Исчезло оно и у меня.
…Дома прожил до самой зимы. С кем ни говорил за это время, у кого ни расспрашивал про житье-бытье в годы войны, почти каждый отвечал, что у нас, в Арабиновке, такой войны, чтоб с огнем да полымем, почти и не было: когда немцы наступали, то прошли одной стороной, а когда отступали, то откатились другой стороной.
И все же мне хочется рассказать о войне в Арабиновке. Может, и не о такой, какую сам пережил на фронте, — тут такого фронта с окопами и пушками действительно не было. Но был свой, арабиновский, фронт, с определенными событиями и происшествиями, с необыкновенными переживаниями людей, оставшихся под чужеземцами.
8
Богдан Хотяновский сдался в своем упорном неверии в настоящую войну только тогда, когда неожиданно встретил, идя на поле, своего сына Пантю. Стал на дороге как вкопанный, не мог сдвинуться с места. На какой-то момент мелькнула мысль, что это, может быть, привидение какое, а может, опять сон, потому как уже несколько раз снилось ему возвращение сына домой. И как только не снилось! И пешком приходил он, веселый и радостный; и привозили его на подводе, больного, изможденного; и приводили откуда-то мокрого, с длинными, как у стомогильской утопленницы, волосами, и с этих волос стекала вода… И босым он снился, и оборванным… А подчас — разодетый во все новое и подпоясанный ремнем, широким и блестящим, как у Клима Бегуна.
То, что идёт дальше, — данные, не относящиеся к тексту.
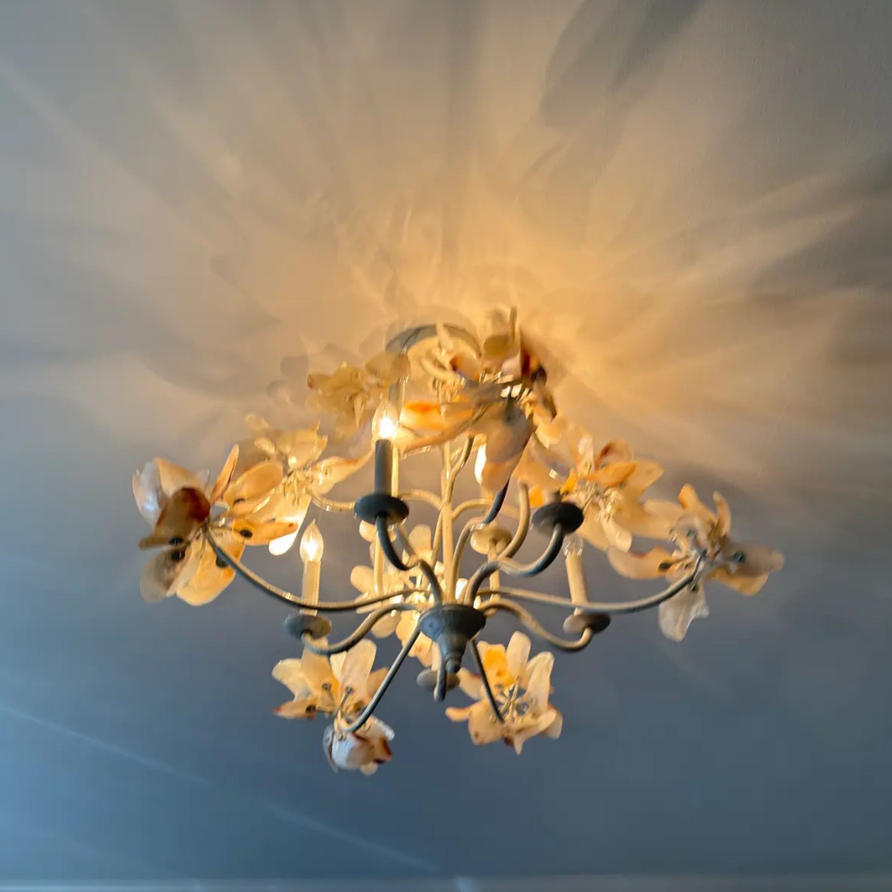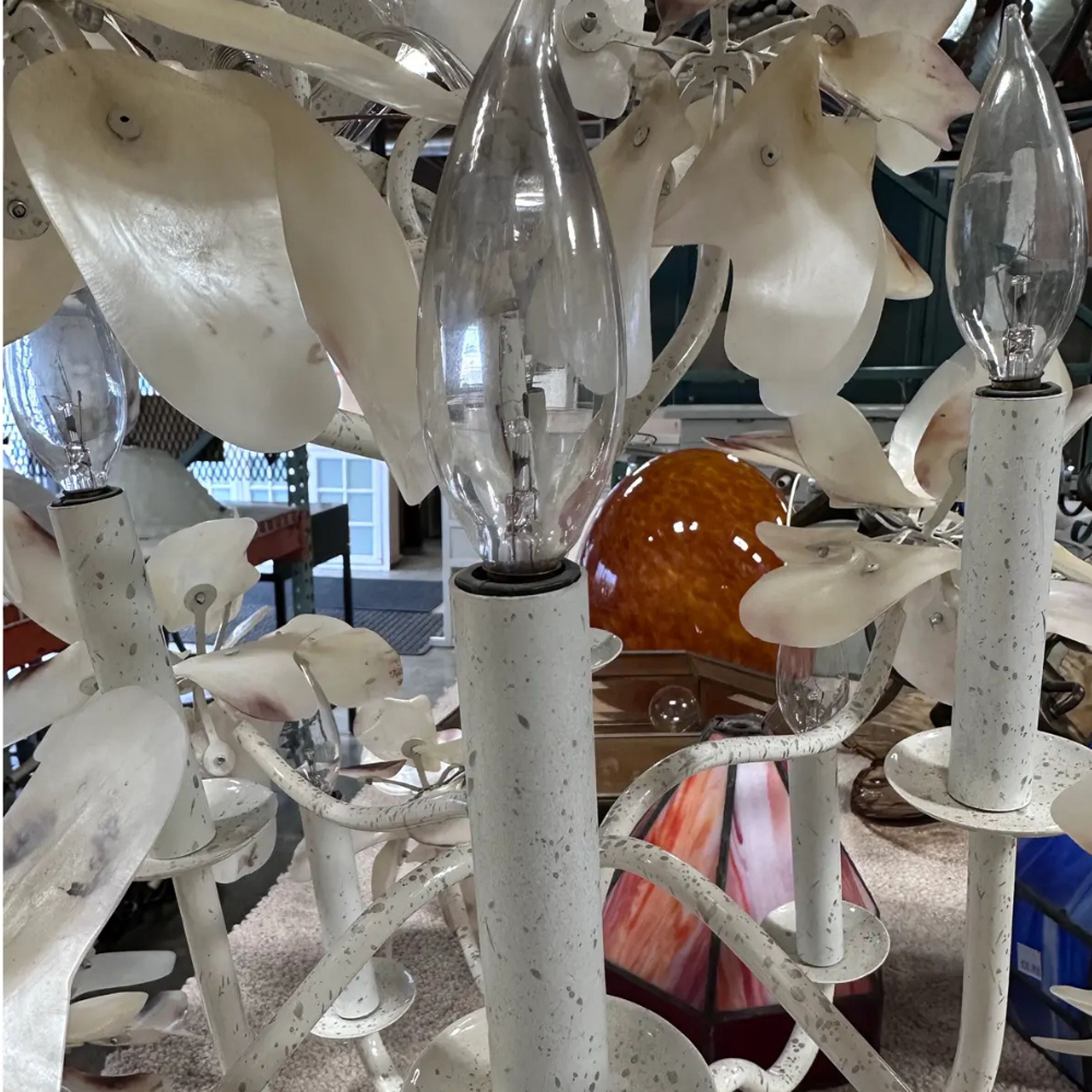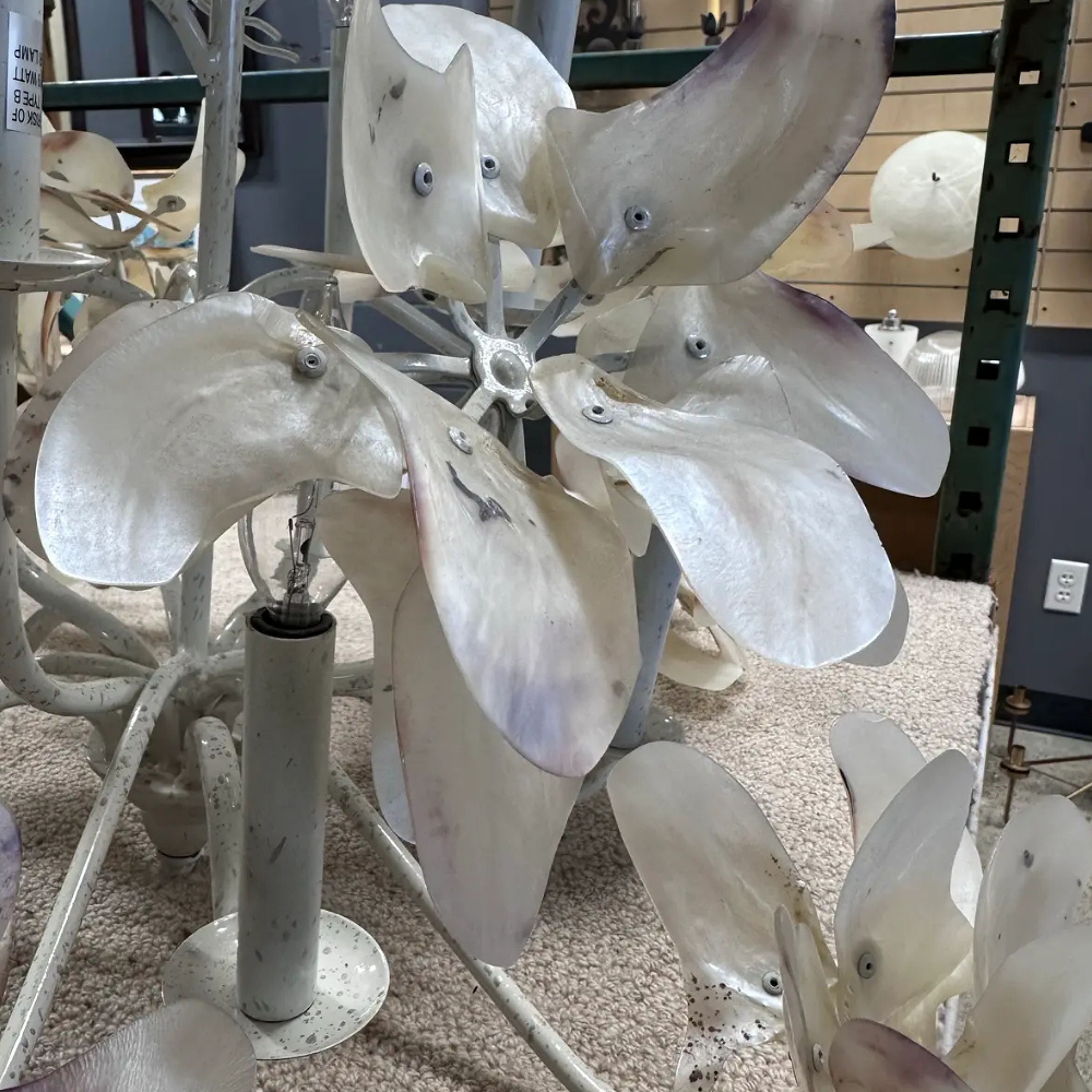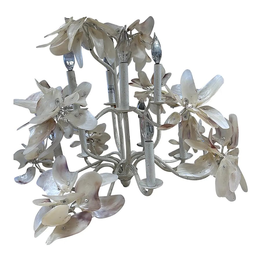 Mid century modern pearled white magnolia chandelier with capiz shell. 9 light bulbs, hardwired. 3’ long chain, cord 5 ‘ long. Mounting plate 3” , 12lb Dimensions 30ʺW × 30ʺD × 26ʺL

Пантя тоже вдруг остановился, неожиданно увидев перед собой отца. Уставился на него с испугом — видно, не ожидал встретить старика тут, на эмтээсовской дороге, а может, и вовсе не думал, как и кого из своих встретит или застанет дома, ждет ли кто его. Писем домой он почти не писал, а в последнее время и ему мало писали. Был он в синей форме пожарника, даже с какой-то сумкой на боку, будто военной или почтовой. По тому, что ни штаны, ни рубашка в этой форме не топорщились на нем и даже фуражка с багром на околыше сидела ладно, можно было думать, что парень дослужился до чего-нибудь в бобруйской пожарной команде.
Отец шагнул к нему первым, протянул обе руки:
— Слава богу! Это ты, сынок?
Пантя, не сказав ничего, перекинул на плечо такую же, как и вся форма, синеватую шинель и ухватил отца за руки. Потом обнял.
Богданова кепка, кругленькая, как сковородка, врезалась маленьким козырьком в грудь сына с бронзовыми пуговицами, потом стала податливо съезжать на затылок, оголяя запорошенную редкими седыми волосами лысину, и упала в пыльную колею. Старик, пожалуй, и не чувствовал этого. Когда оторвался от сына, то возле опущенных, с красными ободками глаз блестели растертые слезы, лоб собрался гармошкой и этим резко отделял себя от лысины, губы вздрагивали не то от плача, не то от радости; нельзя было разобрать, что за этим появится на лице: горесть и отчаяние или счастье и умиление.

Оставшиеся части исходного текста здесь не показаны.